Hey there, Janine! I hear you, it's incredibly perplexing when people seem to like you, yet you can't make any real social progress. Honestly I'm in the same boat, everyone seems to like and appreciate me in a general sense, but I can't seem to make an actual friend or a real connection to save my soul. Admittesly I don't actually try very much (a bit of a social hermit if I'm being honest) but I have tried, and met with about the same amount of success.
If I may ask a personal question, are you perhaps neurodivergent in any way? I'm an autist with adhd myself, and I've come to believe that's primarily what is behind my lack of social success. Neurotypical people tend to be somewhat uncomfortable when socially exposed to a divergent person for any real length of time. People like me don't quite understand the rules, you see. We do things in strange ways sometimes, ask odd questions or make weird observations. We can share a little too much, or expect others to share as readily as we do and create discomfort and pressure that we didn't even intend.

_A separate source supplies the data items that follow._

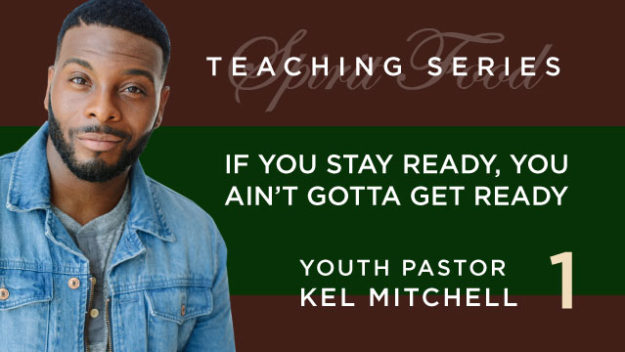 This week Youth Pastor Kel Mitchell of Spirit Food Christian Center in Winnetka teaches a message titled “If You Stay Ready, You Ain’t Gotta Get Ready”.  The Boy Scout’s motto is be prepared.  As Christians, we can learn a lot from that motto – are we prepared?  When we pray, are we prepared to receive? When God sends us blessings, are we willing to do what’s necessary to receive them?  Are we spending enough time…
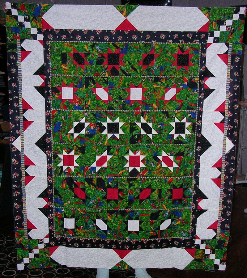 karlpompa Birds in a Blender - The "background" is made up of small squares of a really loud tropical print with toucans, parrots, etc. At some point -- don't hold your breath -- the plan is for snakes or something to be appliqued in the borders; I'm sort of working on a Garden of Eden-type theme, hence the apple-fabric in the borders.
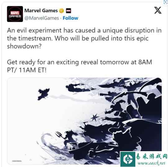 漫威即将发布一款新游戏。其在推特上发布消息,确认将于 3 月 27 日太平洋时间上午 8 点(北京时间 3 月 27 日晚 11 点)正式公布。 推文内容为:“一个邪恶的实验对时间流造成了独特的破坏。谁将被卷入这场史诗般的对决?”此外,还展示了似乎是游戏美术作品的内容。
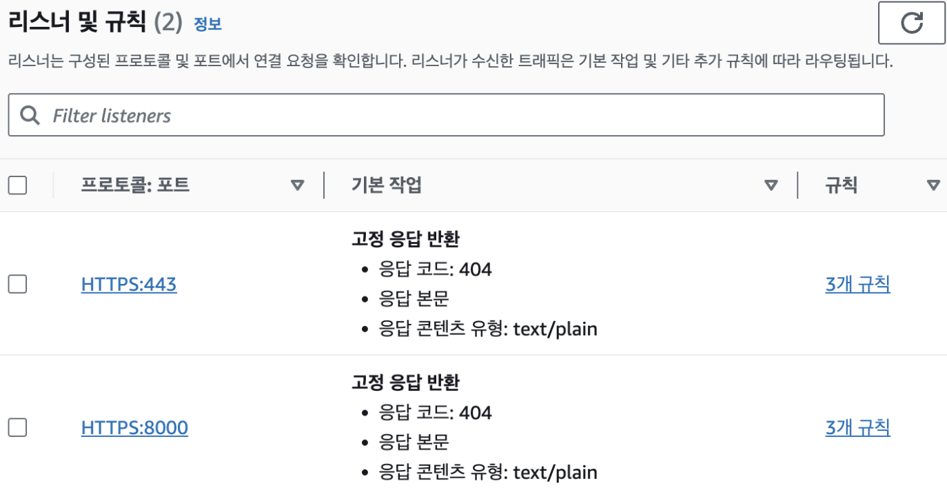 HTTPS 구성을 추가적으로 진행했기 때문에 HTTPS 포트를 리스너 규칙으로 지정했다.
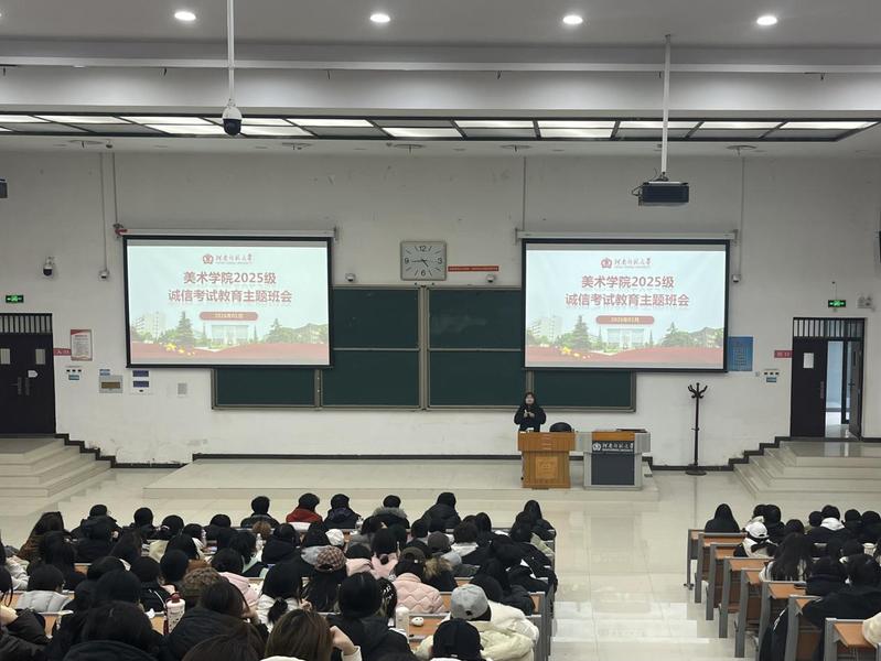 为进一步严肃考风考纪,强化学生的诚信考试意识,营造风清气正的考试氛围,1月14日,美术学院在文昌楼127室开展诚信考试教育主题班会。会议由辅导员罗爽主持,全体2025级本科生参会。

I've become aware of myself doing that very thing on quite a few occasions. Hell, look at some of my posts, it's clear as day.
It doesn't mean there's anything wrong with me, I just work differently. And the people who avoid me aren't bad people, they're not, and they don't dislike me either. But there's a difference between liking someone and wanting to spend a lot of time with them.
I wish I could say I was immune to it myself, but I'm not. I have a coworker at my place of employment who I suspect to be an autist as well, but in a somewhat different manner than myself that I can't really relate to. Not all autists experience things the same way as each other. And he's a good guy! He's helpful, generally supportive, does good work. I like him as a coworker and an associate, and as a human person, I wish him only the best. But it still makes me uncomfortable to interact with him for any length of time, something about the way he interacts socially just creates this off feeling in my brain that I can't readily describe. So if he ever asked to hang out with me or wanted to have some kind of relationship beyond being coworkers, I'd probably have to say I'm good and back away. And the fact that I, someone who has experienced this reaction first-hand multiple times, can still experience it myself, just serves to emphasize that there's something going on either neurologically or within our social dynamic that is simply outside of our control.
I don't know that this is the case with you. I don't know your experience or your history, so it is entirely possible that none of this applies. But based on how you describe it, I struggle to think of any other explanation for why people would seem to be friendly under normal conditions but not really want to associate personally. And if it is true, it doesn't mean that they don't like you or are only pretending. It just means that you don't mesh well in your social interactions, and you might need to find someone who's a little more like you and can relate to you on your level.